It seems that your colleague's ability to think on their feet and communicate is superior to your own - and these traits are worthy of a manager, don't you think?
Your technical ability is superior to his - so you claim, but he is probably no slouch in that department because he sure is good enough to make your idea his and I take it, he does that to the rest of the team, too. Good managers realize and understand that not all good ideas come from them alone and they are pretty good at picking other people's brains. In this case, he seems to have done a pretty good job with yours. He doesn't have to be technically superior to you, all he has to be is good enough (*). Which is what a management position would require.
What have you done to show that you are management material? (**) He is verbal, and you are not. If I have to pick one to represent the team to the rest of the world, tell me why should I pick you and not him? Are you verbal enough to represent the team, or will you be rolled over if you run at meetings into someone like your colleague?
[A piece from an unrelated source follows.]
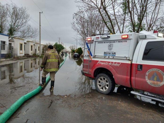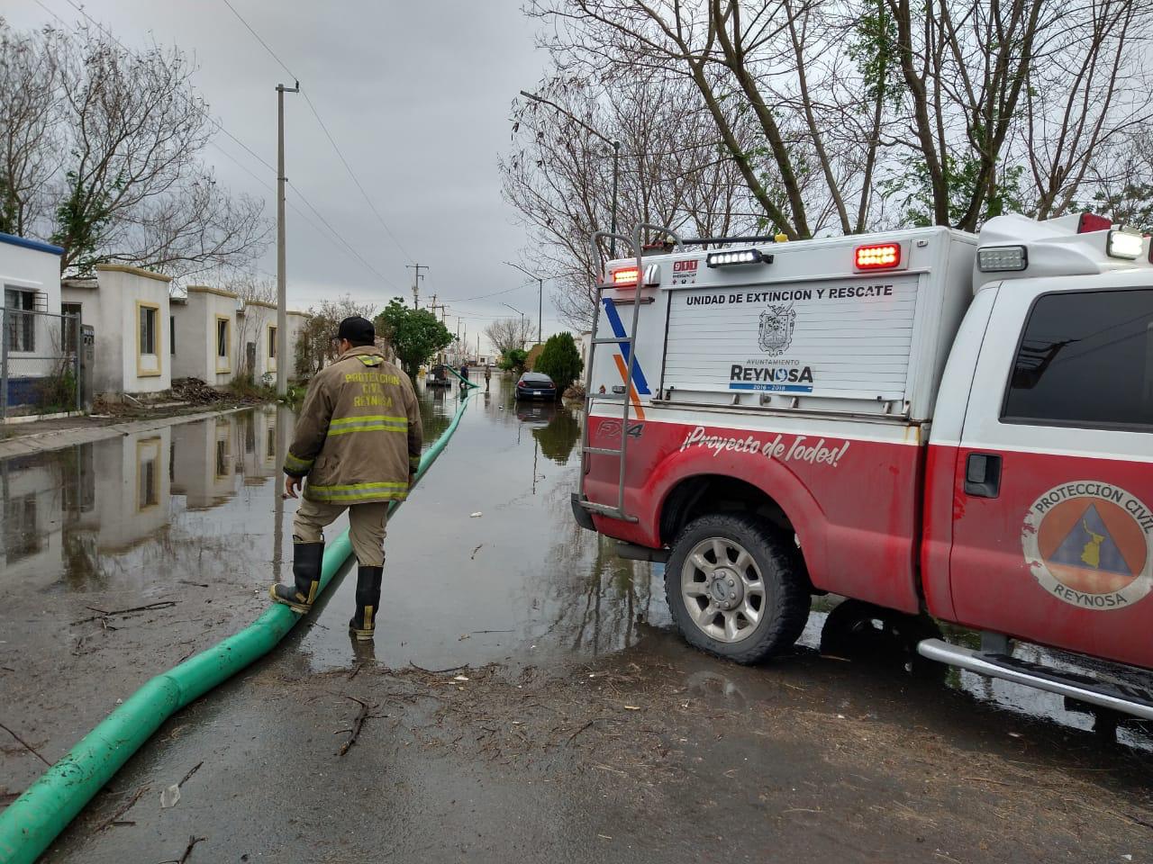 REYNOSA, TAM.- La Coordinación de Protección Civil y Bomberos del Gobierno Municipal de Reynosa atendió el llamado de habitantes del fraccionamiento Pirámides, que resultaron afectados por encharcamientos tras la lluvia que trajo el frente frío número 47.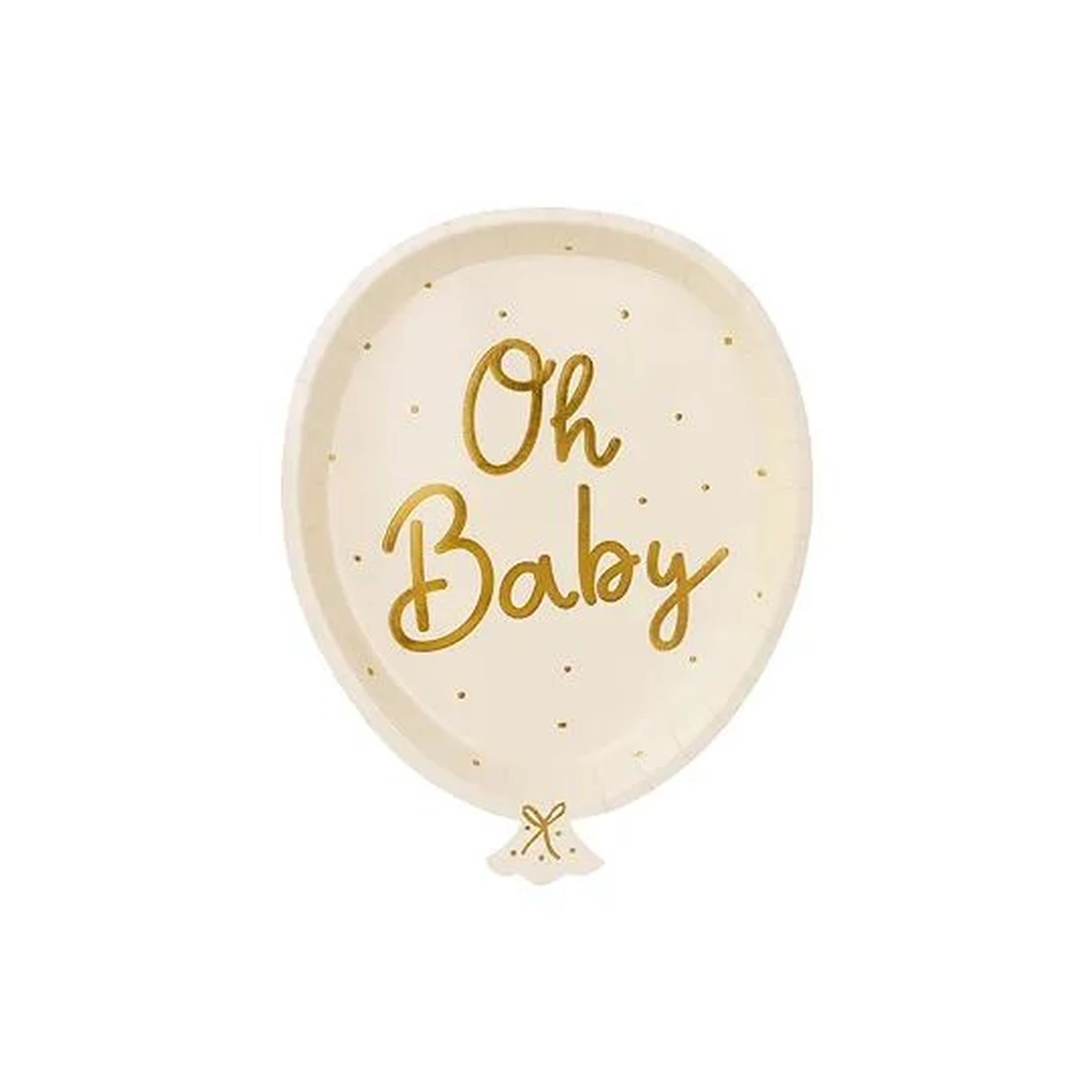 Papírtányérok léggömb alakú, Oh baby felirattal, mérete kb. 17,5 x 22 cm.

Management is not rocket science, it's a discipline. He is no genius but so far, he seems to have shown more management potential than you have. Which is why he is being promoted. What have you shown? Because the world can only see what you show. Repeat after me: invisible talent is unrecognized talent. And NOBODY gets promoted on the basis of unrecognized talent.
You need to be more like him than you realize or perhaps than you'd like. Nobody can hear your voice let alone know what you think if you don't speak. Leaders who don't speak are not leading. Ditto with managers.
(*) Your technical ability means little to management if it turns out that your colleague is a far more effective communicator of your own ideas than you are and if your colleague had a history of taking other people's ideas and working with others to improve on them and make them work. It pretty much seals the deal if your colleague shows a grasp of the bigger picture e.g. the impact on the team, the management unit, the company and you never tried to understand your activities in the context of the bigger picture. Frankly, in outfits where the only path upwards is through promotion into management, the only thing that having great technical ability can do for you is that you get to keep your day job.
(**) At one time in the mid1990s, I worked as a consultant for AT&T. What gave AT&T its distinctive culture is that it combined some of the best technical talent on the face of the Earth with some of the worst management on the face of the Earth. That's because AT&T was in the habit of promoting its strongest technical people to management. Without prep, without training and without support, many of these promoted floundered on the job and their incompetence made life miserable for everyone including themselves. And AT&T was making a fool's bargain because it was exchanging a great tech person for a lousy manager. So your assertion that you are more technically competent than your colleague makes no impression on me. I am technical as hell but you'd better believe that being technical is not my only attribute. I have worked in a slew of corporate and startup environments over the decades, and I have never been in a professional situation where all I needed was superior technical ability.